Many times we say that the human being is not a machine, needing recreation and sleep to be able to recover from working days. But even, in the same machines, rest is essential for greater efficiency. It is the case of the Artificial intelligence: requires sleep to learn new tasks.
In humans, sleep helps to consolidate what has been learned. The AI, for its part, can learn and remember how to multitask with its kind of artificial sleep.
Maxim Bazhenov, an expert at the University of California San Diego, spoke with New Scientist about.
“Now there is a big trend to bring ideas from neuroscience and biology to improve existing machine learning, and sleep is one of them,” says Bazhenov.
Artificial Intelligence is the attempt to transfer human intelligence to computers, machines or applications. This requires machine and deep learning, offering solutions to problems.

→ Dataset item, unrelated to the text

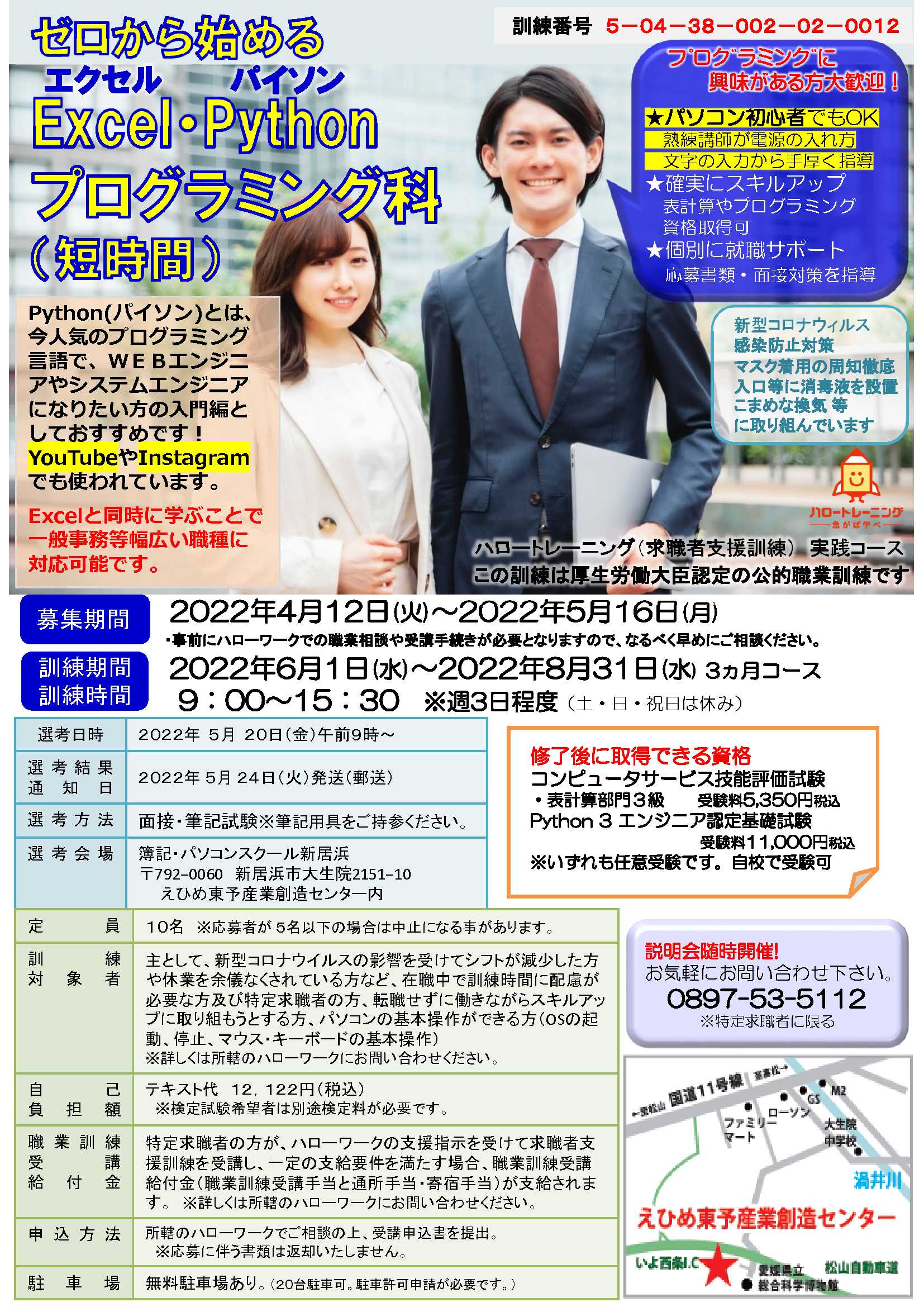 訓練期間:2022年6月1日(水)~2022年8月31日(水) 募集期間:2021年4月12日(火)~2022年5月16日(月)

Learning is achieved through training. For example, if it is an AI that produces images, it needs to be fed hundreds of images, to take ideas from them and create new ones. Depending on the level, it goes from automatic to deep: in the latter, it no longer requires human intervention.

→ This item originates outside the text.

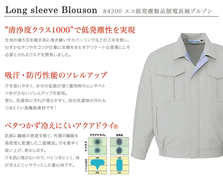 84300,長袖ブルゾン,自重堂,春夏,低発塵,帯電防止,JIS,T8118,防汚加工,吸汗速乾,エコマーク,グリーン購入法,ペアコーディネート,リサイクル,清浄度クラス1000,サックス,シルバー,スプレーグリーン,ローズピンク,アクアドライ,ソレルアップ,SS,5L,精密,電機,設備

How sleep favors Artificial Intelligence
Bazhenov and his colleagues sought to demonstrate how sleep aids Artificial Intelligence. They trained a neural network of spikes, connected to artificial neurons that resemble the structure of the human brain.

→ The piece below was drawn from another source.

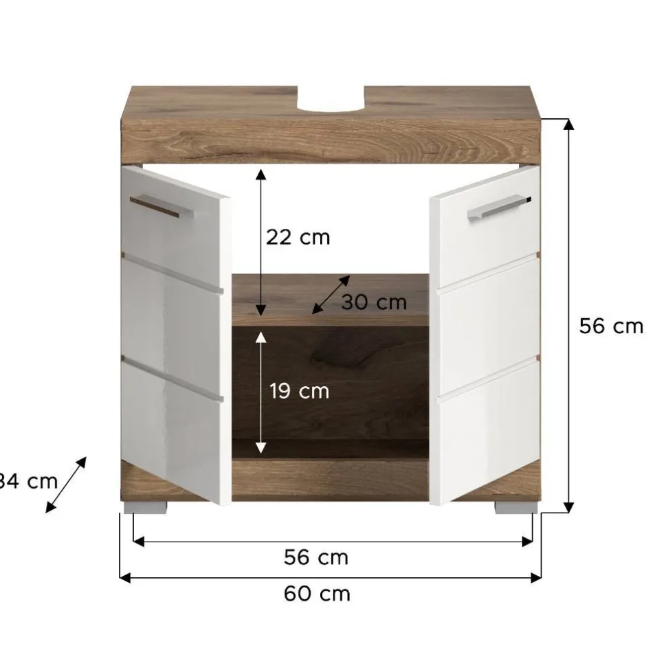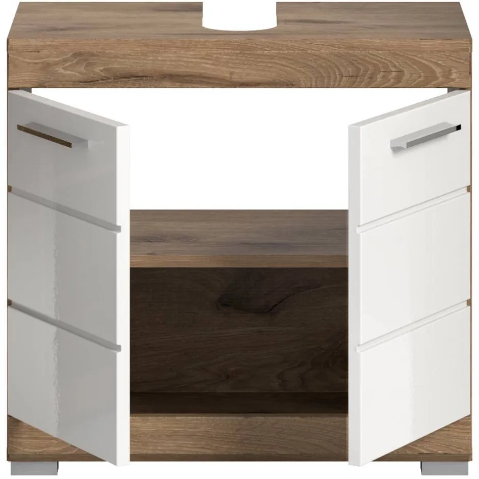 - Ansprechender Waschbeckenunterschrank in Weiß und Wildeichefarben

The goal was for the AI to learn to do two different tasks without overwriting the connections learned from the first task. And they did it, but interspersing periods of training with periods of sleep.
That is, the AI learned to perform two tasks optically, always giving it a rest time between one and the other.
Hava Siegelmann, team member, explained: “The goal of lifelong learning AI is to have the ability to combine different experiences intelligently and apply this learning to novel situations, just like animals and humans do.”
The researchers’ next step is to demonstrate the widespread use of spike neural networks with more complex tasks.